Nobel Prize winner Paul Krugman can’t even figure out what goes on with social media and how to use his computer. He is supposedly brilliant.

The weird little man tweeted to the world that someone hacked him and downloaded kiddie porn from his account.

He did not know what to do!

“Someone compromised my IP address and is using it to download child pornography,” Krugman told his Twitter followers Wednesday. “I might just be a random target. But this could be an attempt to Qanon me.”

“Qanon” him? He’s a conspiracy theorist. We definitely believe the odd, nasty man did not try to download kiddie porn. We don’t want to spread unsubstantiated rumors.

For those who don’t know about Qanon, Q is a person or a group of people who publish cryptic and informative messages and videos on online bulletin boards.  Some people believe that Q is a high-level person who has a deep knowledge of worldwide trends.  Others believe that Q is just prescient. The left has decided Q is an evil conspiracy theorist.

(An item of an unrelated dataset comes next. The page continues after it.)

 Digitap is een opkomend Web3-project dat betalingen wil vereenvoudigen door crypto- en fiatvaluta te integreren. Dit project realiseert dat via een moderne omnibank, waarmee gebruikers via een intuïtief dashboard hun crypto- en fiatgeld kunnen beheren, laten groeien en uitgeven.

They have tied a number of the world’s leaders to abuse of children, thus, Krugman is blaming Q. He’s dopey.

Why in the world would he make this tweet public?

Then he went to a newspaper for help.

He knows nothing.

Remember the prediction in this next tweet? He’s a fraud and we should expect nothing sane from him.

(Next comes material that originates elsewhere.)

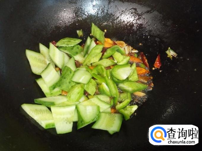 放入料酒,少许白糖,少许醋,少许耗油,酱油,盐,翻炒成汁。然后放入黄瓜片,青尖椒片翻炒。

I went to the first Tea Party on Long Island in 2009 to take photos and see what it was about. People were dressed like revolutionaries throwing tea overboard from a boat in Northport. There was quite a crowd.

It was fun.

Krugman came along with his little doggie, spoke with the man who ran it, a very nice business owner, and then wrote a vile NY Times piece full of lies and distortions about what nuts we were. It was the first time the media recognized our existence.

His predictions and his judgment, in general, are terrible. We doubt he’s all that smart. He’s a Noble Prize winner because it’s a political left, meaningless prize.